Of the multitudinous ways of detecting protein-protein and protein-drug interactions, few if any satisfy all researchers’ desired criteria: that the method should be specific, require minimal protein engineering to construct, and be applicable to many types of targets and amenable to high-throughput experiments, to name just a few requirements.
A team of researchers at the University of Bonn and the University of Texas may have come closer to fulfilling at least two of those demands. Reporting in the July issue of Nature Biotechnology, Michael Famulok of the University of Bonn and his colleagues describe their technique for detecting protein-protein and protein-drug interactions using a ribozyme switch, in conjunction with an aptamer capture agent, to create an assay that is potentially applicable to many types of protein targets, and also potentially amenable to high-throughput experiments.
Cleaving the Ribozyme
Famulok’s team designed the technique to take advantage of a property of two particular types of ribozymes, the so-called hairpin and hammerhead ribozymes.

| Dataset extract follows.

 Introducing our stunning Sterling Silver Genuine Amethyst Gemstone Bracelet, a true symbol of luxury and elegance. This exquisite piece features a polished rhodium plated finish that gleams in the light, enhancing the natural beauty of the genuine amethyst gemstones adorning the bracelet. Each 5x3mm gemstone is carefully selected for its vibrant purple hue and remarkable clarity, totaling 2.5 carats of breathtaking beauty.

In general, a ribozyme is a RNA molecule capable of catalyzing simple nucleic acid reactions, but the hairpin and hammerhead ribozyme are self-cleaving, that is, when triggered, two arms of the ribozyme complex either associate closely or separate from each other.
Taking advantage of this, the researchers developed a scheme for fusing an aptamer — a single-stranded nucleic acid capable of folding into intricate shapes — with the ribozyme, in such a way as to allow the aptamer to control whether or not the ribozyme cleaves itself. In one version of the technique, the aptamer acts to prevent the ribozyme from cleaving, except when a protein target specifically binds to the aptamer. When that happens, the ribozyme is free to cleave.

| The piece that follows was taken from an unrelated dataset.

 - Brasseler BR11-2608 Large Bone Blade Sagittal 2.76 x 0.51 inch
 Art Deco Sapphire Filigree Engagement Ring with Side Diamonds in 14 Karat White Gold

But how to make this protein-aptamer interaction detectable? Famulok’s team chose to attach a fluorescent reporter to one arm of the ribozyme complex, and a quencher to the other arm. When the aptamer has no protein to interact with, the two arms are physically close, quenching the fluorescence. Conversely, when a protein comes along to interact with the aptamer, the ribozyme complex cleaves, allowing one of the arms to fluoresce.
This method for creating what Famulok calls “reporter ribozymes” can be made to perform more intricate experiments as well. In one example described in the paper, Famulok shows that a protein target, once bound to the aptamer of the reporter ribozyme, can be displaced by a small molecule compound that interacts specifically with the protein. When this occurs, the fluorescence of the reporter ribozyme is again quenched, giving a readout of the protein-drug interaction. Likewise, Famulok suggests that this approach is also applicable to querying protein-protein interactions.

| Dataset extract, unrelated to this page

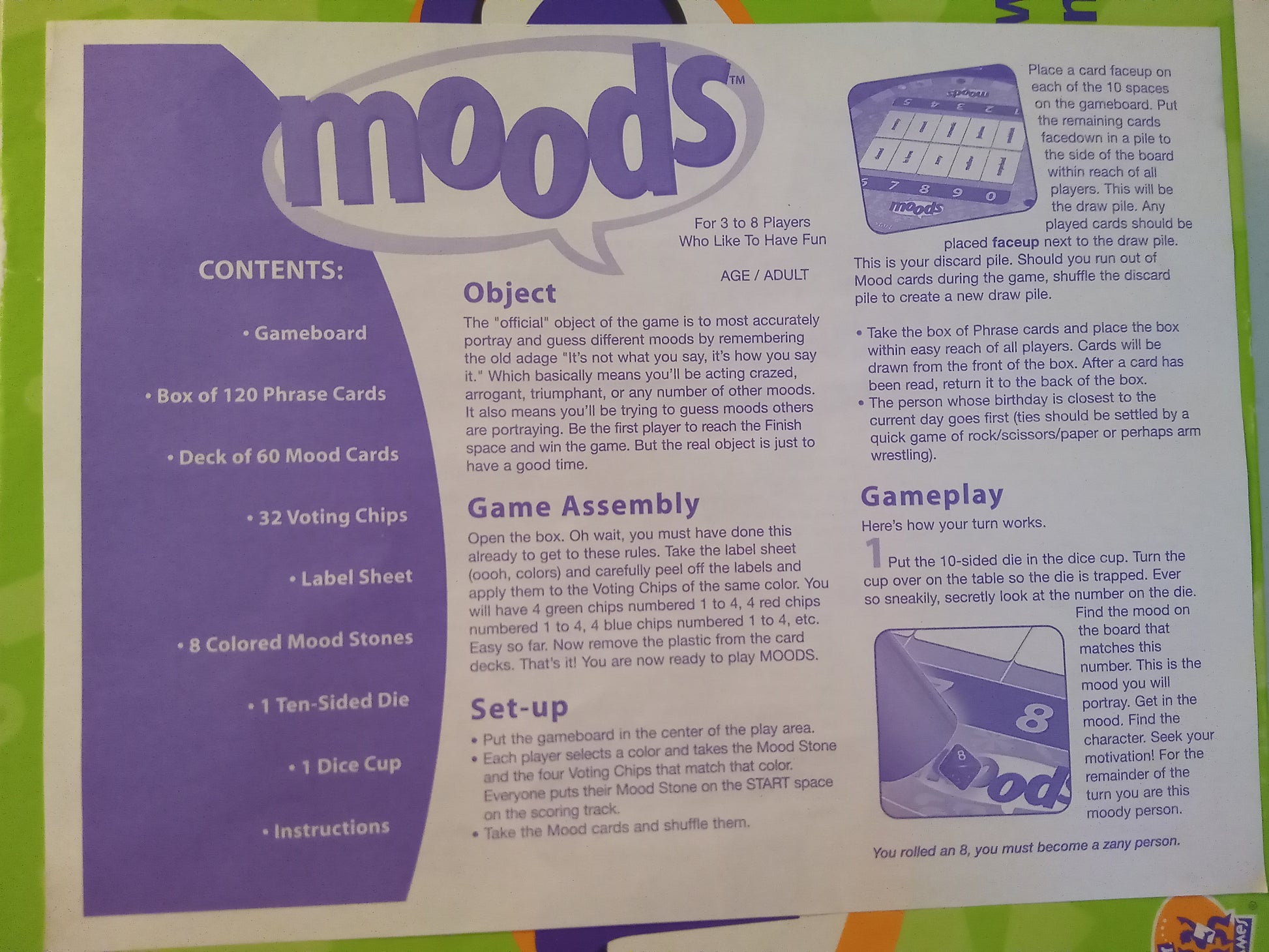 Game Moods Family Interacting Acting Cards Board Game, AMB, USED

Famulok claims his method has several advantages over comparable techniques. For one, the technique is compatible with a 96-well plate format. In addition, it is easily transferable to many types of protein targets, given that the technology exists for creating libraries of up to 1015 structurally distinct aptamers. Using this technology, known as SELEX, an aptamer could be found for any protein or drug target.
“Typically, screening targets is tedious because each assay must be tailor made for each target,” he said. “This technique is modular, like LEGO, because you can quickly obtain a specific binder against any protein target.”
However, the technique does have limitations, as Famulok admits. The ability of the reporter ribozyme to detect an interaction is dependent on a given concentration of the target protein in the assay, with a lower limit of “higher nanomolar concentrations,” Famulok said.
Larry Gold Weighs in
In addition, as SomaLogic CEO Larry Gold points out in an accompanying commentary in Nature Biotechnology, the aptamer might not necessarily bind to the site on the protein that is active in vivo. “Aptamers (or antibodies) show epitope dominance, and there is no reason to assume that the dominant epitopes for these [capture agents] will overlap the active sites of the proteins,” he wrote.
Nevertheless, in future experiments Famulok hopes to demonstrate the general applicability of the reporter ribozyme technique, by increasing the number of different aptamers to perform multiplexed assays.
Famulok also plans to show that his team can use other types of capture agents, such as RNA molecules, to develop assays for therapeutically important RNA-protein interactions.